**WHAT IS NEEDED**. Only the lines from the one that contains "- It can slow" to the last line below, both included, should be transcribed. Pictures stay out of the copy.

**THE RECORDS**.
___

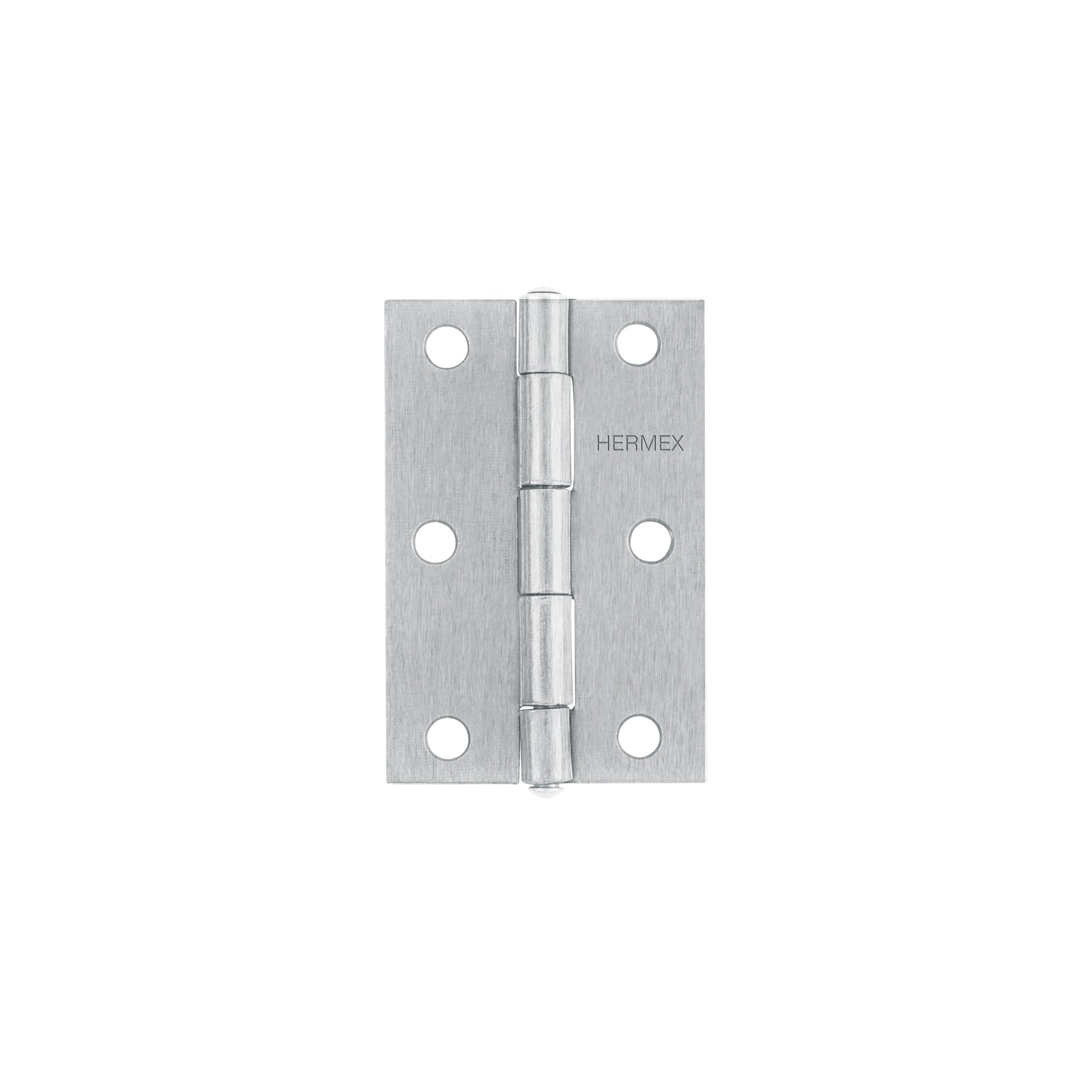 Bisagra fabricada en acero inoxidable con acabado pulido, con perno remachado y cabeza media bola. Diseñada para carpintería y la industria mueblera, incluye tornillería para su instalación.
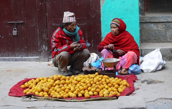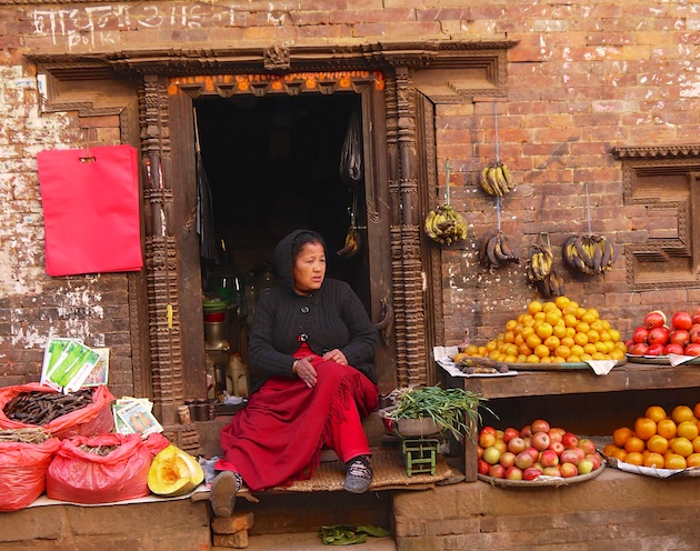 … and spinning cotton into yarn. These women are not just spinning for tourists, they make a living from the yarn they spin. There’s big business in the textile industry throughout the Kathmandu valley in Nepal today.
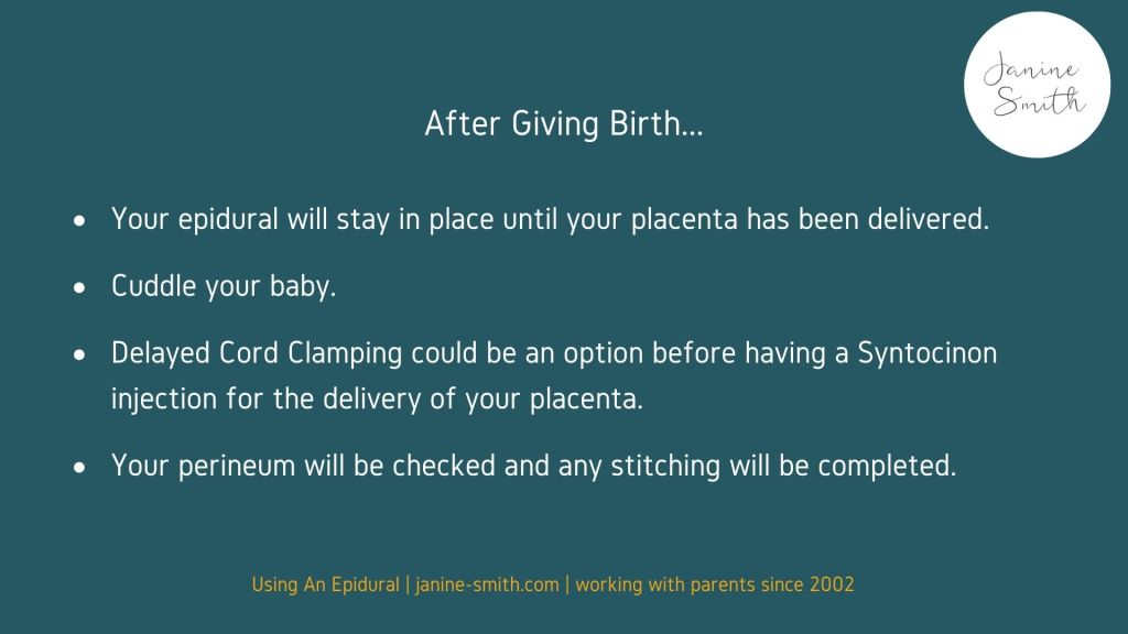 - It can slow your labour which increases the need for a Syntocinon drip.
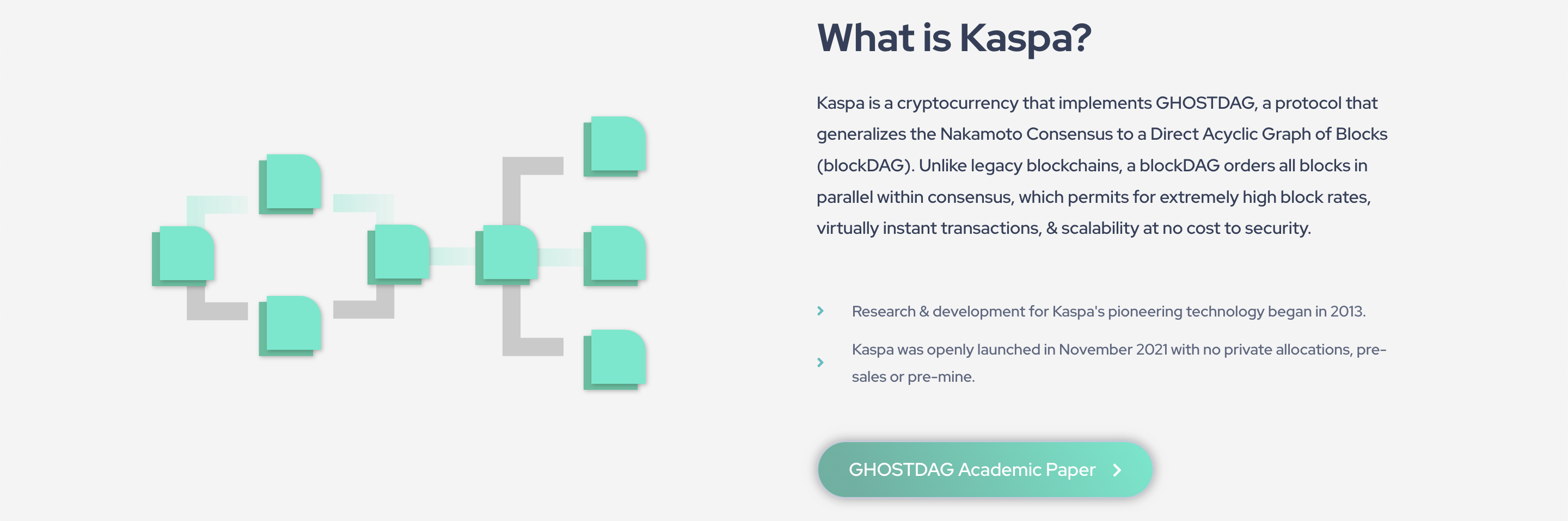 However, I believe Kaspa is a much more serious project than either. What is Kaspa?
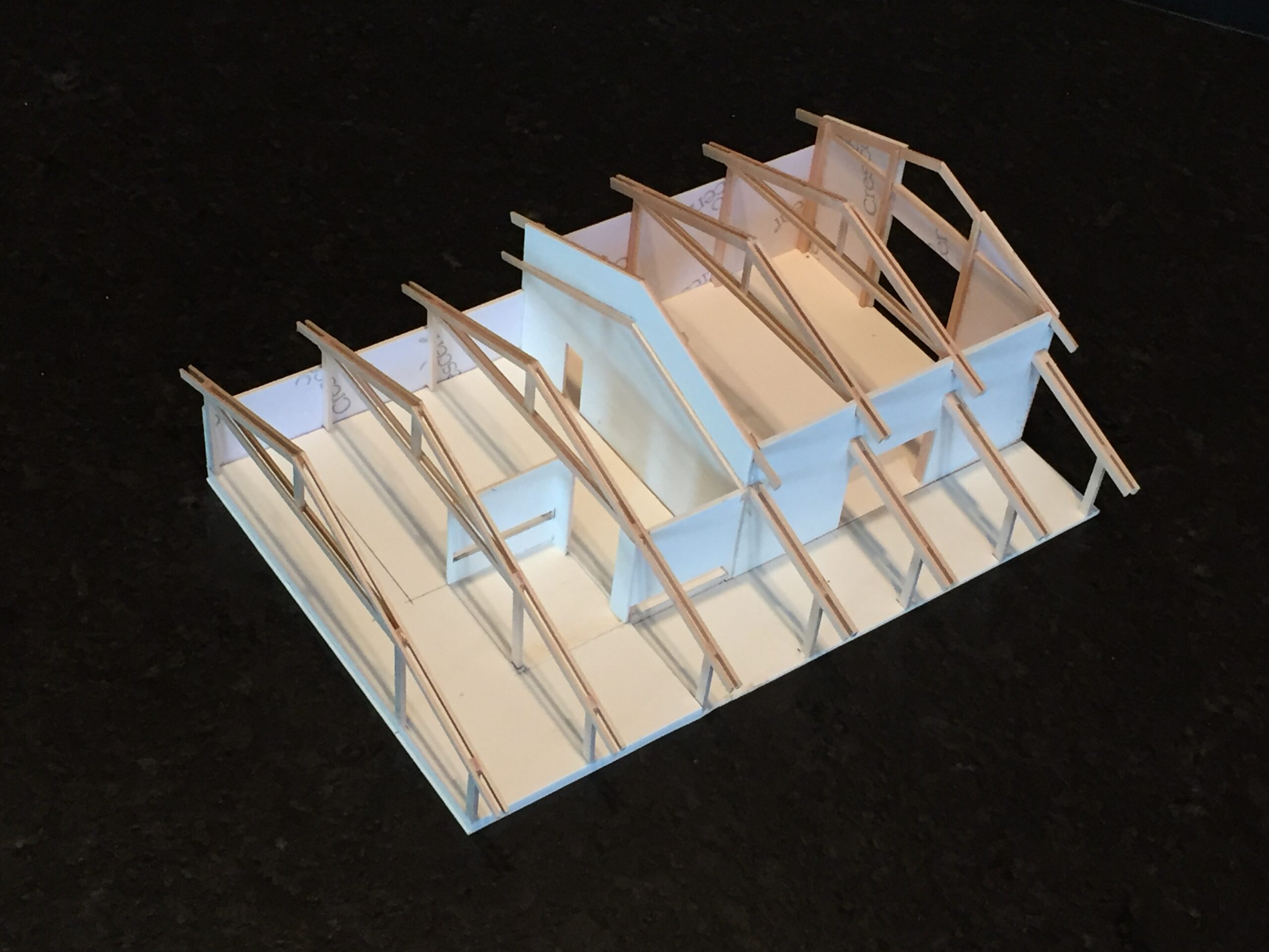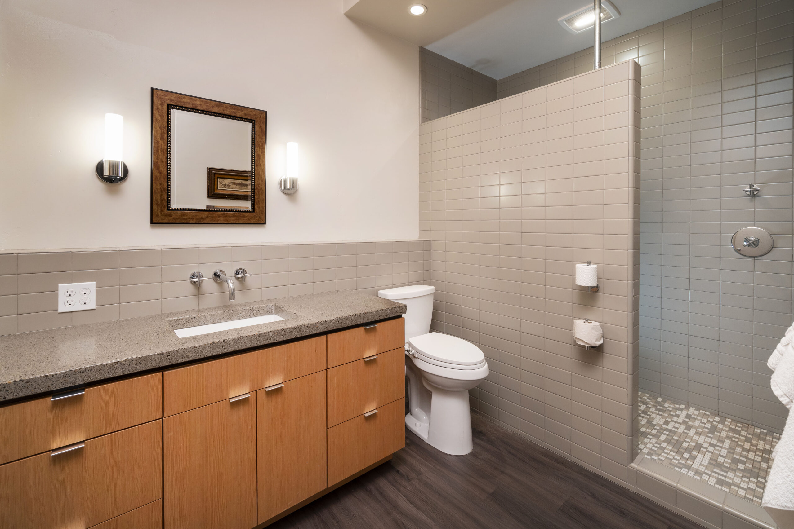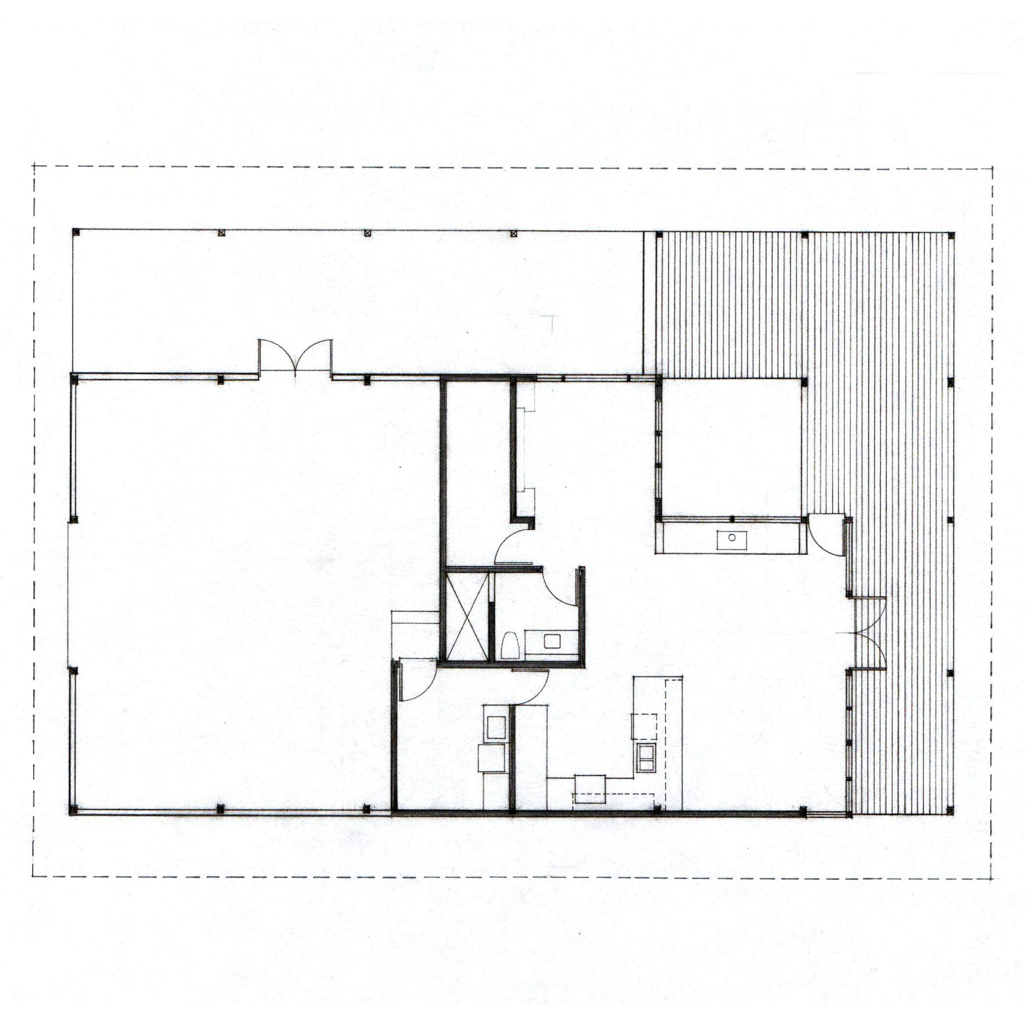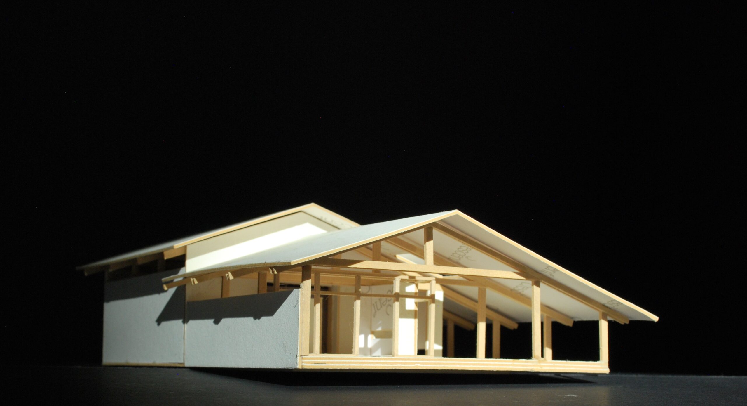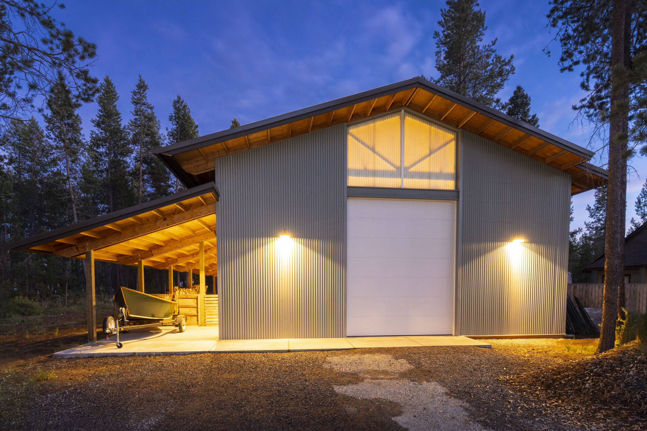 Elements of the structure, such as bolts and connection plates, remain visible on the exterior, and corrugated metal wraps around the three “barn” sides of the building. Where the residence starts, Nuetzel envisioned the corrugated metal peeling back to reveal timber-framed construction of 6-by-6 posts mortised together to form the exterior walls. The entire structure is topped with a metal roof.

___

**OUTPUT OF THE TASK**.
 - It can slow your labour which increases the need for a Syntocinon drip.
 However, I believe Kaspa is a much more serious project than either. What is Kaspa?
 Elements of the structure, such as bolts and connection plates, remain visible on the exterior, and corrugated metal wraps around the three “barn” sides of the building. Where the residence starts, Nuetzel envisioned the corrugated metal peeling back to reveal timber-framed construction of 6-by-6 posts mortised together to form the exterior walls. The entire structure is topped with a metal roof.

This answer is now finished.